ICOS ermöglicht Treibhausgasmessungen in Europa, an denen 12 Länder teilnehmen, auch Deutschland. Gemeinsam bilden sie ein Netzwerk von mehr als 130 Beobachtungsstationen auf dem gesamten Kontinent. Die ICOS-Daten ermöglichen einen umfassenden Blick auf diejenigen Treibhausgase, die durch den Menschen produziert werden, aber ebenso auf deren natürliche Quellen und Senken in den Ökosystemen. 

„Es ist wichtig, Treibhausgasmessungen über einen langen Zeitraum sowohl in der Atmosphäre als auch in den terrestrischen und marinen Ökosystemen durchzuführen. Nur wenn man das Zusammenspiel versteht, kann man belastbare Aussagen über die Quellen- und Senkenfunktion von Feldern, Wäldern und Meeren treffen“, sagt Dr. Christian Brümmer vom Thünen-Institut für Agrarklimaschutz, der den deutschen ICOS-Beitrag koordiniert. Entscheidend ist der Anteil von Treibhausgasen, der in die Atmosphäre gelangt und dort über einen längeren Zeitraum verweilt. Denn dieser Anteil ist für den Treibhauseffekt verantwortlich. „Standardisierte Langzeitbeobachtungen machen genauere Trendabschätzungen möglich, die bislang aufgrund limitierter Projektlaufzeiten kaum zu realisieren waren“, betont Brümmer die Führungsrolle von ICOS auf dem Gebiet integrierter Treibhausgasbeobachtung. 

Bereits sehr kleine Konzentrationsunterschiede zwischen den Messstationen können wichtige Informationen über die räumliche Verteilung der Emissionen von Treibhausgasen enthalten. Daher ist die höchst mögliche Genauigkeit und Standardisierung der Messdaten eine wesentliche Voraussetzung für die Aussagekraft der ICOS-Messungen. Um dieses Ziel zu verwirklichen, sind 2 zentrale Kalibrier- und Messlabors in Deutschland eingerichtet, eines in Heidelberg und eines in Jena. Als Teil des Max-Planck-Instituts für Biogeochemie in Jena arbeitet das „ICOS Flask und Kalibrierlabor” mit derzeit 12 MitarbeiterInnen in hochspezialisierten Analyselabors im Technologiecenter Felsenkeller. „Wir stellen für das gesamte, europaweite ICOS-Messnetz die benötigten Referenzgase her" so der Laborleiter für Spurengasmessungen, Dr.

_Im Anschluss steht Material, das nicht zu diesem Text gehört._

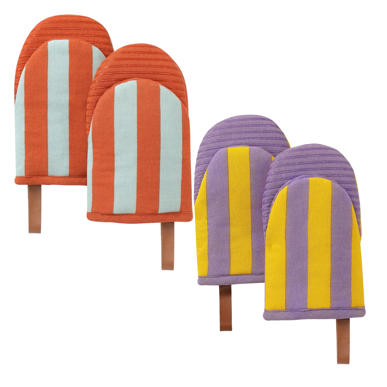 This set of oven mitts was made to be seen. The mini pot holders come equipped with a leather loop to hang neatly from a cabinet knob or wall hook, preferably near an oven. Because while the stripy pair—Domino readers and editors alike are equally fond of both the purple-on-yellow and orange and turquoise color combos—makes for cute kitchen decor, the inside of these gloves is covered in silicone for heat-resistant transport of hot dishes up to 500 degrees Fahrenheit.
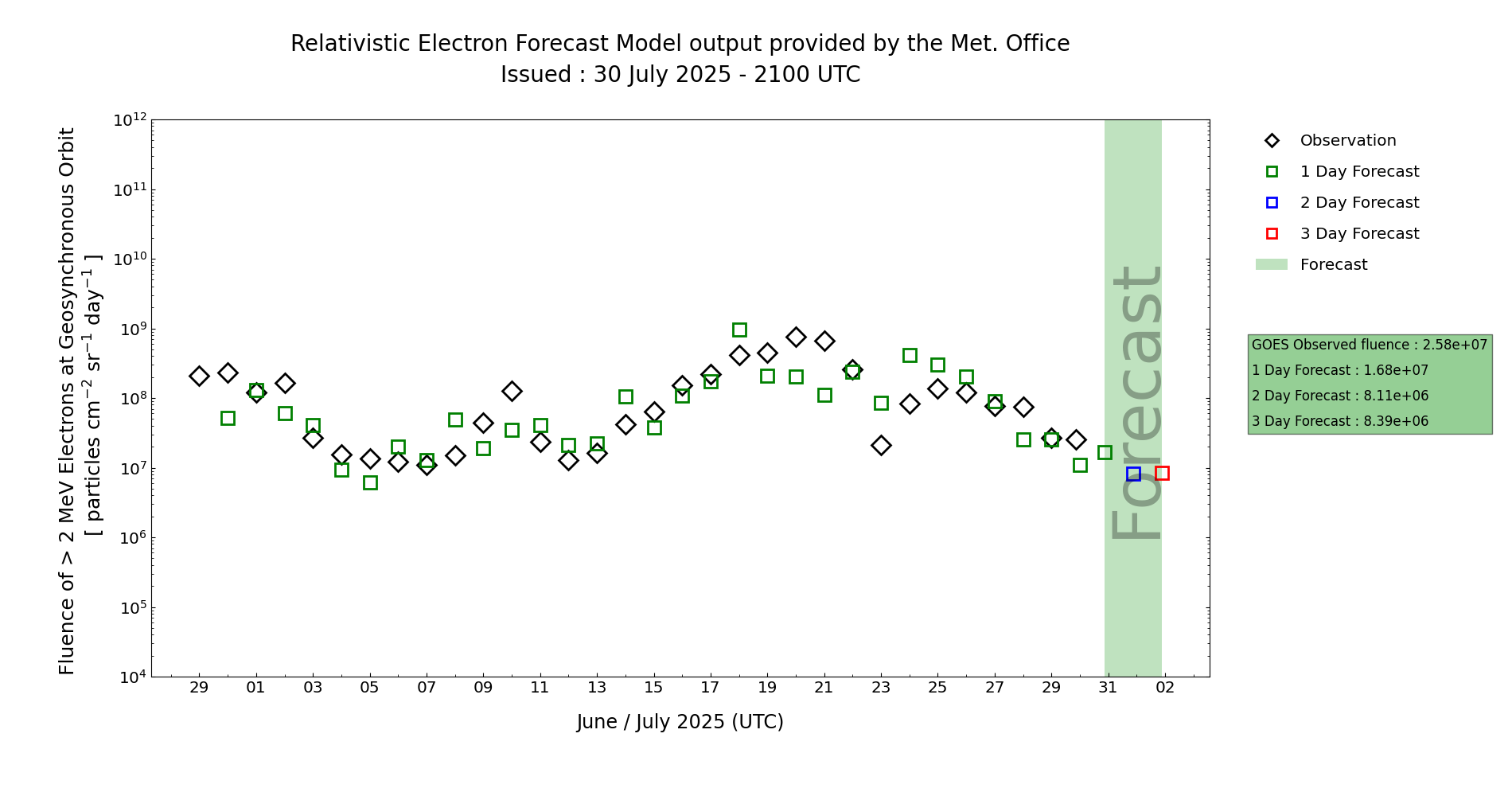 High energy electron flux at GEO is expected to be Normal to Moderate. It is possible that the Electron flux will increase slightly on day 3 or 4 (1-2 Aug) as the Van Allen belt relaxes and expands back towards GEO after any enhancement from the high speed stream day 2 (31 Jul). However, any High levels are likely to be brief, and only occurring at diurnal maximum. The corresponding electron fluence is on a declining trend and is currently below the Active (1e8 integrated flux) threshold. It is possible fluence may increase on day 3 or 4 (1-2 Aug) but the most likely scenario is that fluence will remain below the Active threshold throughout the period.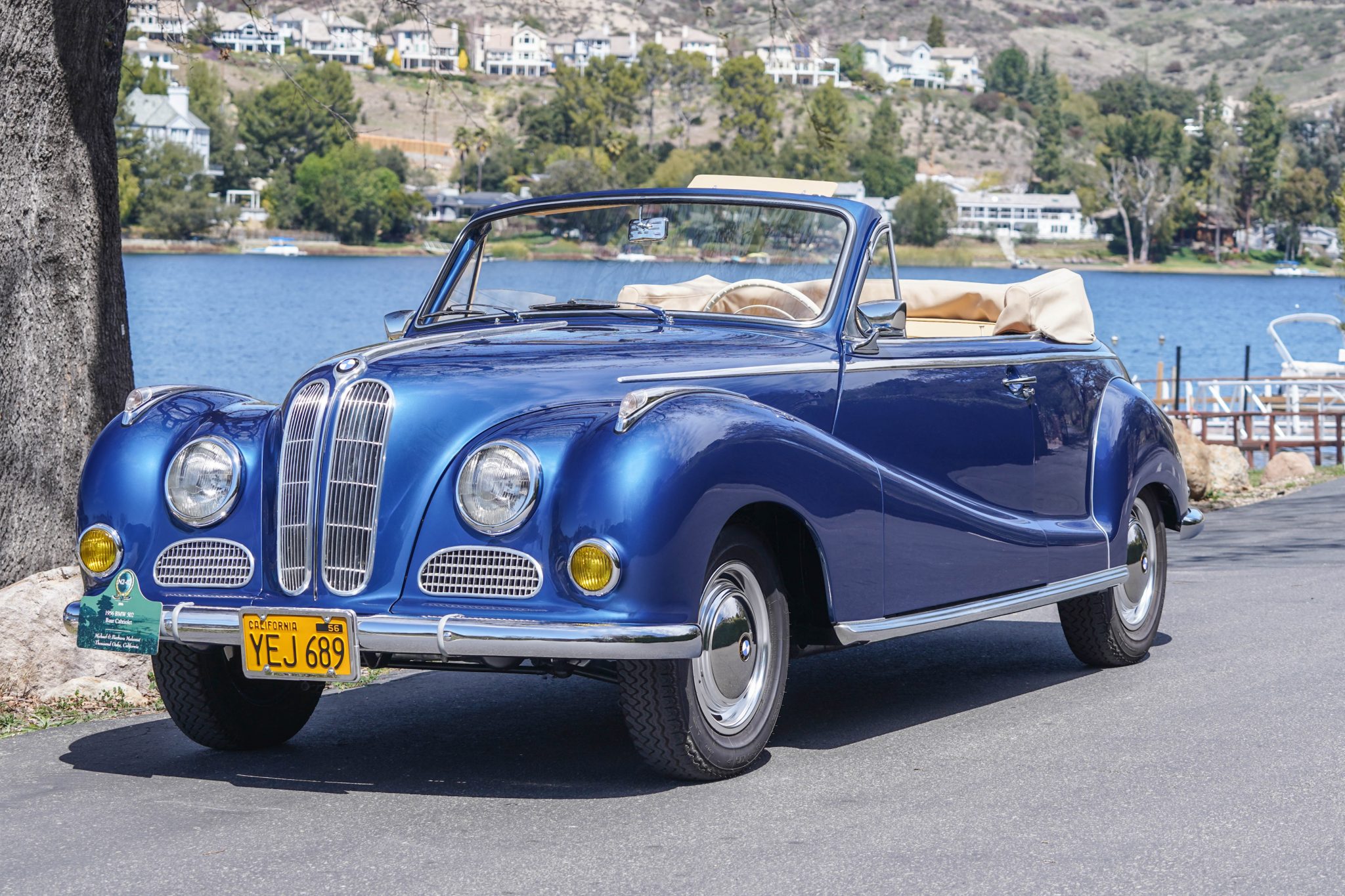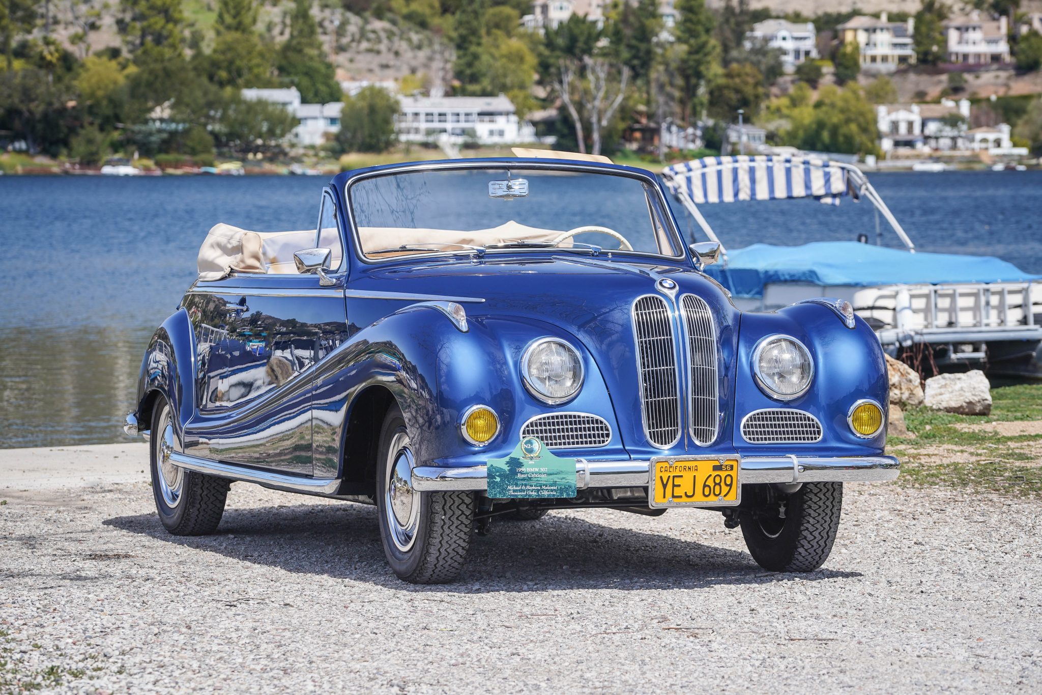 Originally finished in Cortina Grey, this example was sandblasted and underwent rust repair with section of new steel before being refinished in the BMW hue of Topaz Blue Metallic (364). The brightwork was replated or replaced, and a new windshield, body seals, and fog lamps were fitted. The convertible top frame was refurbished and draped in new beige canvas with a vinyl rear window. Additional features include radially-retracting rear quarter windows and a factory-optional windshield washer system. The seller notes that the pictured yellow California license plates are included in the sale, but are not assigned to the car.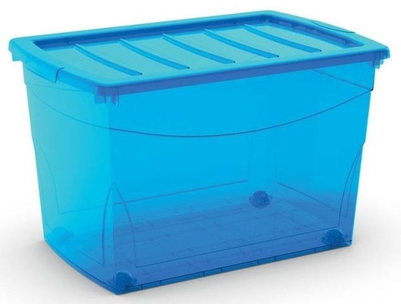 KIS Omnibox XL blau 60l auf RädernDie Aufbewahrungsbox aus Kunststoff kann in jedem Haushalt oder in jeder Werkstatt ihre Verwendung finden, sei es zur Aufbewahrung von Kleidungsstücken, Schuhen, Spielzeug oder anderen Gegenständen, die Sie übersichtlich aufbewahrt und vor Staub, Feuchte und anderen Unreiheiten geschützt haben wollen. Die blaue transparente Box KIS Omnibox XL prahl mit einem Volumen von 60 Litern, aber wenn es Ihnen nicht ausreicht, können Sie mehrere Stücke aufeinander stapeln. Die Transport-Räder ermöglichen eine einfache Übertragung und der Deckel lässt sich einfach auf seine Stelle zuklappen und schützt somit perfekt die aufbewahrten Sachen.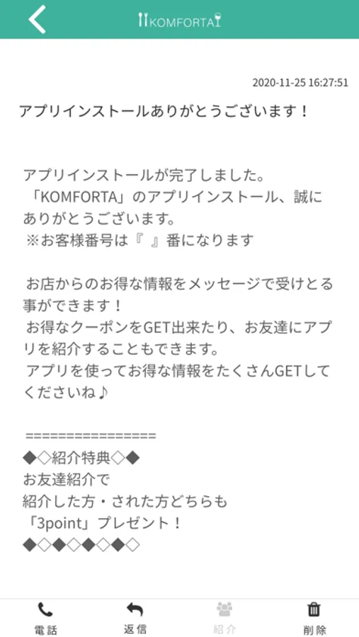 KOMFORTAのアプリをSNSを通じてお友達に紹介する事ができます。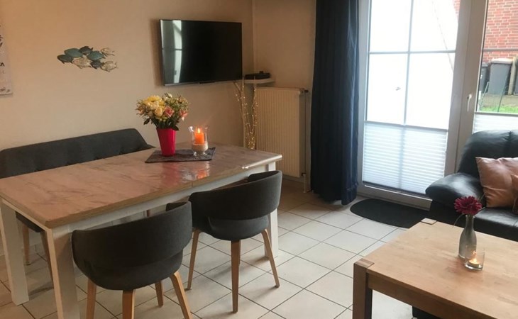 Renovated in 2024 !!! Cosy and well-equipped holiday home in Wangerland-Hooksiel with three bedrooms. Arrive and feel good is the motto! The bright, sunny holiday home is modern, well-maintained and tastefully furnished, so your holiday home for your family holiday presents itself to you. On the ground floor (approx. 28m²) you will find a cosy living and dining area with an open-plan kitchen. The kitchen (12m²) is fully equipped with all important kitchen utensils. In addition to a four-ring hob, there is also an oven, egg cooker, freezer, dishwasher, microwave and much more. A dining table not only invites you to eat together but also to socialise. A seating area with a TV (digital, satellite/cable), CD player, hi-fi system and board games completes the offer. On the ground floor there is also a small bedroom (eight m²) with a sofa bed (140x200cm) and a wardrobe. The guest WC is also located on the ground floor. There is also a storage room on the ground floor with a baby cot, a high chair, cleaning products and a clothes horse. A staircase leads to the first floor, where there are two further bedrooms. The first bedroom is furnished with a double bed (200cmx180cm) and the second bedroom with two single beds (100cmx200cm each). Both rooms have an awning and a wardrobe to store your clothes. Both bedrooms also have a digital TV and a radio with charging station. A shower room with a washing machine and a WC complete the first floor. You will also find an internet connection and WLAN equipment in the holiday home. A fast charging station is right outside the front door.

Daniel Rzesanke. "Zur Probennahme von Luftproben für aufwändigere Messungen in unseren Laboren, die an den Beobachtungsstationen nicht direkt durchgeführt werden können, werden bei uns die entsprechenden automatisierten Apparaturen entwickelt und gebaut“, ergänzt der Leiter des Isotopenlabors, Dr. Markus Eritt. Der Standort in Jena wurde aufgrund der international anerkannten Expertise des Max-Planck-Instituts im Bereich hochpräziser Treibhausgasmessungen gewählt. Mit seinen Leistungen trägt das Labor somit entscheidend zum Gelingen des Netzwerkes bei. 

Kutsch und Brümmer freuen sich auf die dritte wissenschaftliche ICOS-Tagung vom 11. bis 14. September 2018 in Prag, auf der führende Wissenschaftler auf dem Gebiet der Treibhausgasforschung aus der ganzen Welt zusammentreffen werden. Neben rein wissenschaftlichen und technischen Themen werden die Teilnehmer auch darüber sprechen, wie die gewonnenen Erkenntnisse Eingang in politische Entscheidungen finden können, um sicherzustellen, dass dem Überschreiten potenzieller Grenzwerte auf der Erde entgegengesteuert wird, bevor es zu spät ist.